# [SOLVED] Which driver for EDUP EP-N8508



## geosman

Bought this 8508 because it says it is a Linux compatible wifi adapter (super mini).
I have read thru all the info on drivers on the mini cd which comes with it and see nothing remotely resembling anything Linux.
Does this mean I should consider ndiswrapper as Linux compatible?

I found a reference to an update at Realtech which EDUP supplied in their posts but the post pages appear to be duplicates of the first page. No contact info for EDUP.
Anyway has anyone used this on Linux? Or email address for EDUP?


----------



## hal8000

*Re: Which driver for EDUP EP-N8508*

I found a wiki page:

https://wikidevi.com/wiki/EDUP_EP-N8508

The left hand sider suggests the kernel module to use is rtl8192cu, so:

sudo modprobe rtl8192cu

If this module loads then try ifconfig and see if you have a wireless interface.

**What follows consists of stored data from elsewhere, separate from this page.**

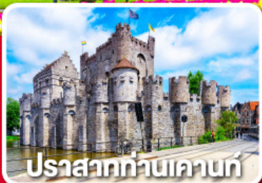
ปราสาทท่านเคานท์
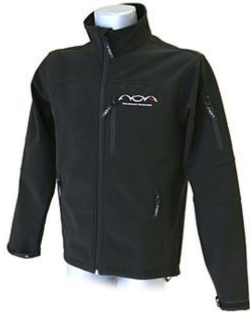
Softshell jacket verkrijgbaar in de maten S,M,L,XL prijs € 82,50
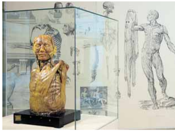
El realismo es la nota predominante de los cuerpos en cera
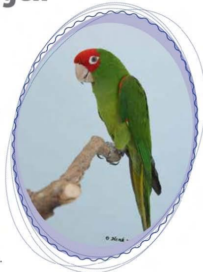
Guayaquil aratinga ( Aratinga erythrogenys )

Thuis worden de foto's uitgezocht en gerubriceerd. Goed rubriceren is belangrijk want je wil later een bepaalde foto natuurlijk graag kunnen terug vinden.
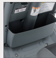
フロントポケット
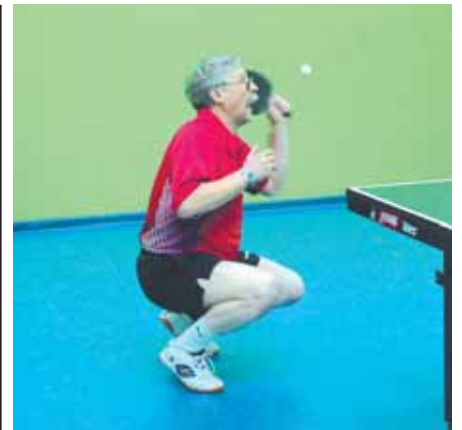
На фото: борьба за каждый мяч.
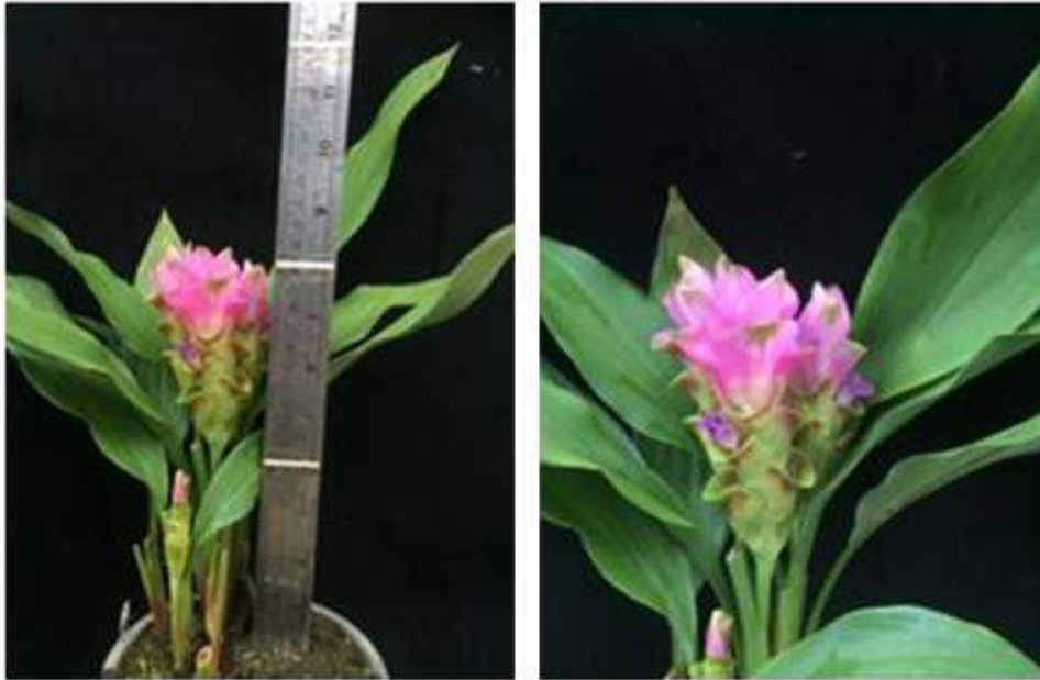
ไม้ดอกสกุลขมิ้น (ลูกผสมปทุมมา) พันธุ์เออาร์เอ็มเจ17 (ARMJ17)
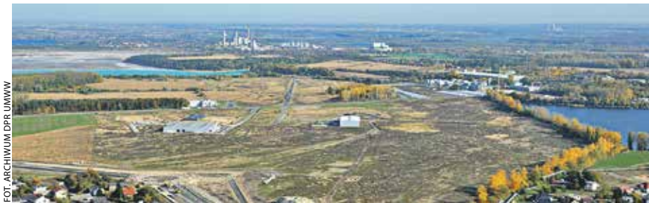
Wielkopolska wschodnia ma osiągnąć neutralność klimatyczną do 2040 r.

To projekt bez precedensu – mówią jego twórcy. Wielkopolska wschodnia jest jedynym regionem w Europie, który od węgla odchodzi całkowicie. Dlatego rozwiązania, które tu wypracowano, są szczególne. Rozstający się z górnictwem i energetyką znajdują nowy sposób na pracę i życie.
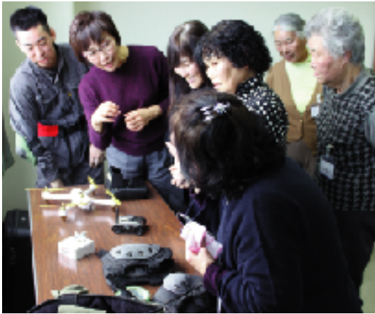
様々な活動用備品に触れる災害ボランティアの皆さん

市社協災害ボランティアに登録された方の学習会が、2月8日(木)りんどう会館にて開催されました。「その手で守ろう!南足柄を」と題した講演会では、講師の小田原市消防職員協議会の方々から、「災害時には支援が必要な人を把握し、必要な情報を届けること等意識してほしい」と、災害ボランティアの役割や心構えの話がありました。 講演に続き、グループワークとして、避難所運営ゲーム(※HUG)を行いました。
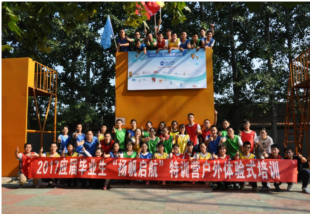
2017 应届生“扬帆启航”特训营合影
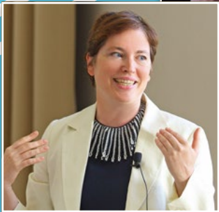
Impressionen vom creativ verpacken dialog 2023
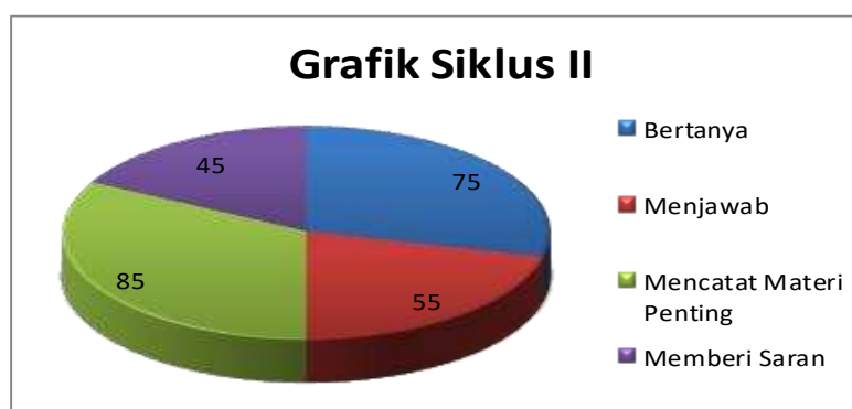
Grafik 2. Siklus II

Siklus II aktifitas siswa untuk memberikan saran 9 orang, (45%)
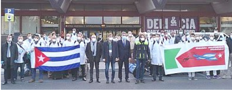
23.03.2020: Die Corona-Pandemie

führt zu neuen Konstellationen der internationalen Zusammenarbeit - Solidarität auf der einen, Entsolidarisierung auf der anderen Seite. Die Mitgliedsstaaten der Europäischen Union scheinen zur gegenseitigen Hilfe unfähig. China, Cuba und Russland stehen Italien im Kampf gegen das Virus bei.
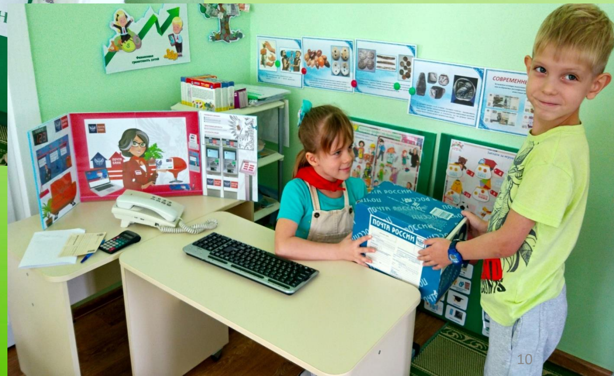
Сюжетно – ролевая игра «Банк»
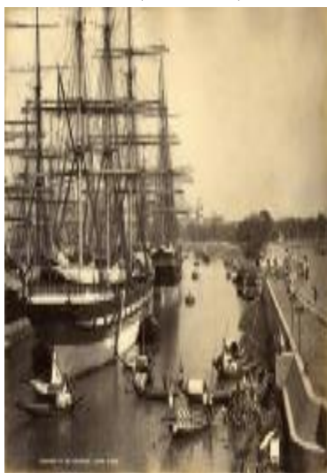
بندر کلکته ۱۸۸۰

The easy way is to return it and get a refund, then buy something from the HCL:
LinuxQuestions.org HCL - Network Cards


----------



## geosman

*Re: Which driver for EDUP EP-N8508*

Thanks for looking that up. Feeling stupid here for not having done so. Was following trail of how to configure rc.inet1.conf and wpa.supplicant files so that the network could be brought up. Now have to see why I don't have rtl8192cu. there are 88_92_cu drivers for Windows thus the potential for ndiswrapper maybe??
Haven't found HCLs of recent vintage when needed of late. Or those on the list are not available locally. I keep getting screwed ordering via internet.
Will check UR URL thanks again big.


----------



## hal8000

*Re: Which driver for EDUP EP-N8508*

What kernel is on your system?
The module is available with kernel 3.11 and possibly earlier. Post output of uname -a

uname -a
Linux orac 3.11.0-12-generic #19-Ubuntu SMP Wed Oct 9 16:12:00 UTC 2013 i686 i686 i686 GNU/Linux


----------



## geosman

*Re: Which driver for EDUP EP-N8508*

Now running on 2.6.37 which is between Realtek's 2.6.18 and 3.9 that was on their website when I downloaded rtl8188C_8192C... Where did U see 3.11?
uname -a ---> Linux polaris 2.6.37.6-smp #2 SMP Sat Apr 9 23:39:07 CDT 2011 i686 AMD Athlon(tm) XP 2200+ AuthenticAMD GNU/Linux
Its past due for 14.1.
Now I gotta 'member how to install driver. Any quick hints?
While I got UR eye, 1) what do U think of using thumb drives in lieu of HD? and 2) how do I put "SOLVED" on posts when they have been? Couldn't find it in offerings I looked thru.


----------



## hal8000

*Re: Which driver for EDUP EP-N8508*



geosman said:


> Now running on 2.6.37 which is between Realtek's 2.6.18 and 3.9 that was on their website when I downloaded rtl8188C_8192C... Where did U see 3.11?
> uname -a ---> Linux polaris 2.6.37.6-smp #2 SMP Sat Apr 9 23:39:07 CDT 2011 i686 AMD Athlon(tm) XP 2200+ AuthenticAMD GNU/Linux
> Its past due for 14.1.
> Now I gotta 'member how to install driver. Any quick hints?
> While I got UR eye, 1) what do U think of using thumb drives in lieu of HD? and 2) how do I put "SOLVED" on posts when they have been? Couldn't find it in offerings I looked thru.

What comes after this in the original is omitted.